Fix KERNEL_POD_NAME substitution to avoid SSTI

[lresende]

No description provided.

[Zsailer]

This looks great, @lresende!

I think I found a small security gap that needs addressing before merge.

The current regex pattern [a-zA-Z_][a-zA-Z0-9_]* allows variables starting with underscores, which means {{ __class__ }} would be accepted and could potentially enable Python magic method attacks.

Imagine someone doing this:

  # Malicious KERNEL_POD_NAME that could be accepted by current regex:
  KERNEL_POD_NAME = "{{
  kernel_id.__class__.__mro__[1].__subclasses__()[104].__init__.__globals__['sys'].exit }}"

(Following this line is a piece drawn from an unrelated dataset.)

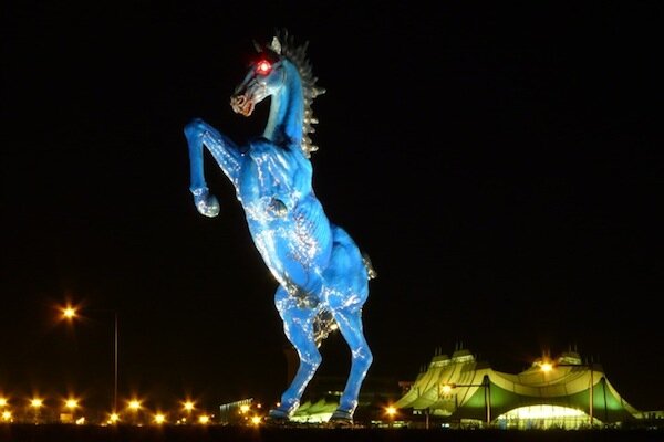 Знаете ли вы, что такое настоящая ненависть к городской скульптуре? Расскажу вам историю про одну статую, которую жители города, где она стоит, не любят настолько сильно, что церетелиевскому "Петру" и не догнать. Гигантский "Голубой Мустанг" работы скульптора Луиса Хименеса был поставлен в международном аэропорту Денвера в 2008 году. Статуя высотой в 10 метров и весом в 4 тонны выполнена из суперпрочного стекла синего цвета на металлической арматуре. Анатомическая точность очень велика, показаны даже вены с кровью. Вдобавок, у коня красные глаза с подсветкой.

If __class__ were somehow in the variables dict, this could expose:

• Object introspection capabilities
• Access to the class hierarchy
• Potential stepping stone for more complex attacks

I think the regex should block anything with a leading underscore,

pattern = r'\{\{\s*([a-zA-Z][a-zA-Z0-9_]*)\s*\}\}'  # No leading underscore

I think if we can fix this and add a test case, we should be good to go here.

[lresende]

Thank you @Zsailer , good catch. I have updated it:

1. Updated the regex pattern in enterprise_gateway/services/processproxies/k8s.py:226 to prevent variables starting with underscore:
   - Changed from: r'{{\s*([a-zA-Z_][a-zA-Z0-9_])\s}}'
   - To: r'{{\s*([a-zA-Z][a-zA-Z0-9_])\s}}'
2. Enhanced the test case in enterprise_gateway/tests/test_process_proxy.py to verify that underscore-prefixed variables (like class, dict, globals) are properly blocked and treated as invalid template syntax.